Dozens of Genetically Modified Babies Already Born – How Will They Alter Human Species?

 When I first read that genetically modified humans have already been born, I could hardly believe it. However, further research into this story featured in the UK’s Daily Mail1 proved it to be true. They’ve really done it… they’ve created humans that nature could never allow for, and it’s anyone’s guess as to what will happen next.

Even more shocking was the discovery that this is actually old news!

The Daily Mail article was not dated, and upon investigation, the experiments cited actually took place over a decade ago; the study announcing their successful birth was published in 20012.

While I typically comment on recent findings and health related news, in this case I will make an exception, because I think many of you may be as surprised by this information as I was. I do not propose to have any answers here as this is out of my scope of expertise.

At best, I hope I can stir you to ponder the implications of this type of genetic engineering, and I invite you to share your perspective in the vital votes’ comment section below. As reported in the featured article:

“The disclosure that 30 healthy babies were born after a series of experiments in the United States provoked another furious debate about ethics… Fifteen of the children were born… as a result of one experimental program at the Institute for Reproductive Medicine and Science of St Barnabas in New Jersey.

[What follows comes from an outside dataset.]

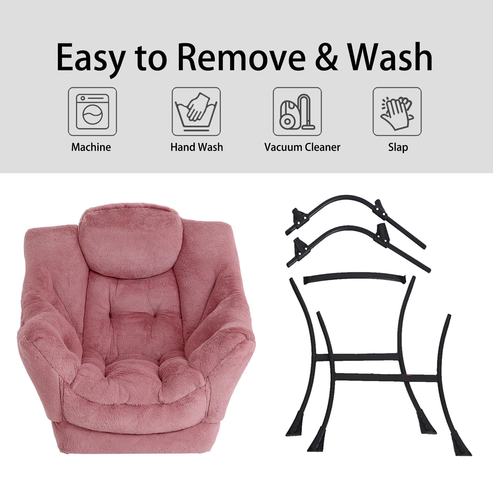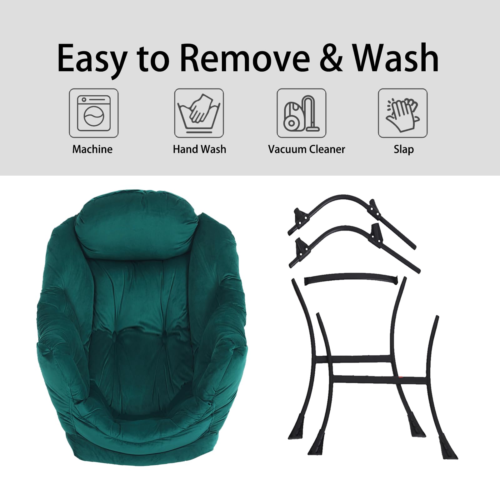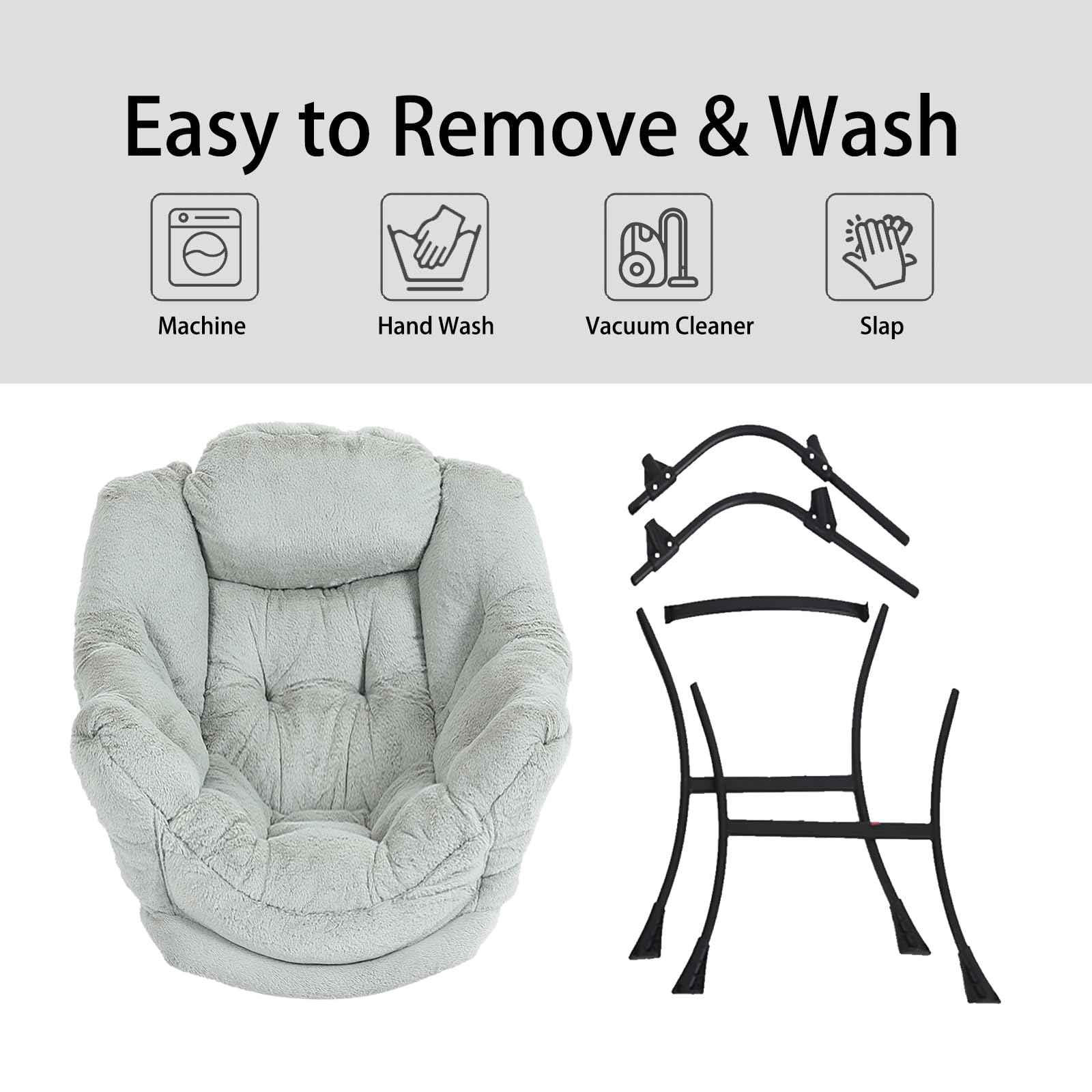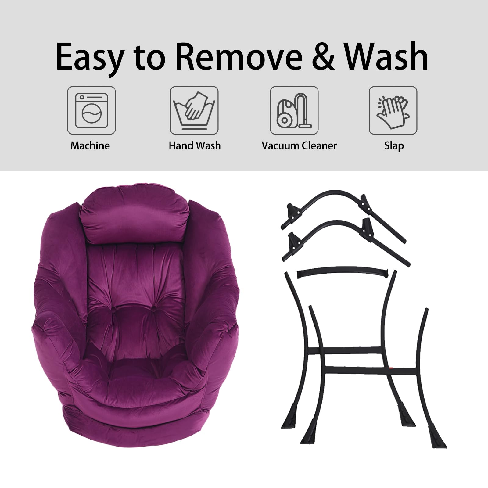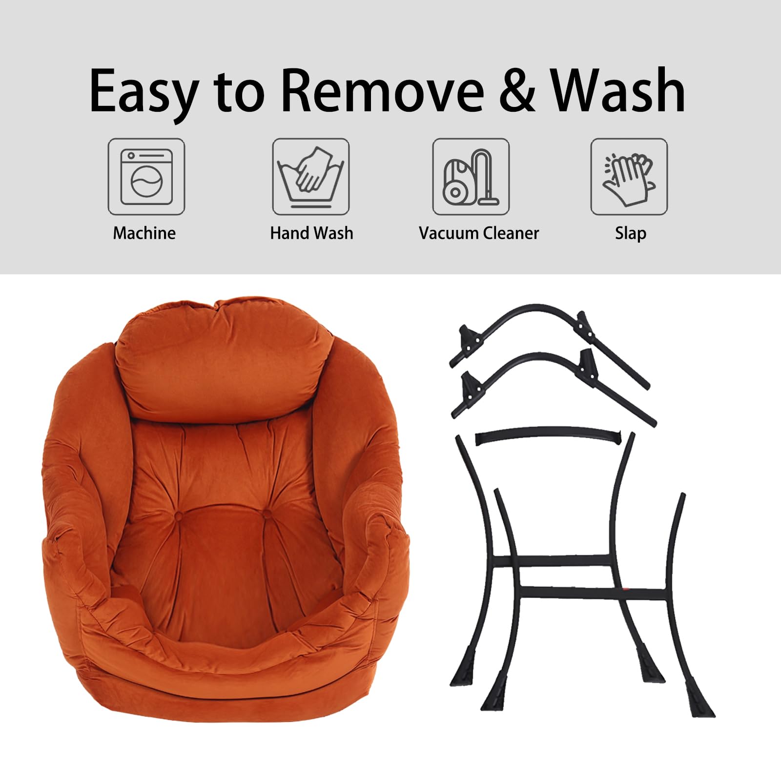 • EASY TO ASSEMBLE: Can be quickly assembled.Follow the detailed instructions for simple assembly, just attach the legs to the frame of the chair, NO additional tools or hardware needed, assembles in less than five minutes! And the straps on the inside of the cover can be tied around the legs of the lazy chair for a better hold

The babies were born to women who had problems conceiving. Extra genes from a female donor were inserted into their eggs before they were fertilized in an attempt to enable them to conceive.

Genetic fingerprint tests on two one-year- old children confirm that they have inherited DNA from three adults—two women and one man.”

Human Germline Now Altered… What Happens Next?

Today, these children are in their early teens, and while the original study claims that this was “the first case of human germline genetic modification resulting in normal healthy children,” later reports put such claims of absolute success in dispute. Still, back in 2001, the authors seemed to think they had it all under control, stating:

“These are the first reported cases of germline mtDNA genetic modification which have led to the inheritance of two mtDNA populations in the children resulting from ooplasmic transplantation. These mtDNA fingerprints demonstrate that the transferred mitochondria can be replicated and maintained in the offspring, therefore being a genetic modification without potentially altering mitochondrial function.”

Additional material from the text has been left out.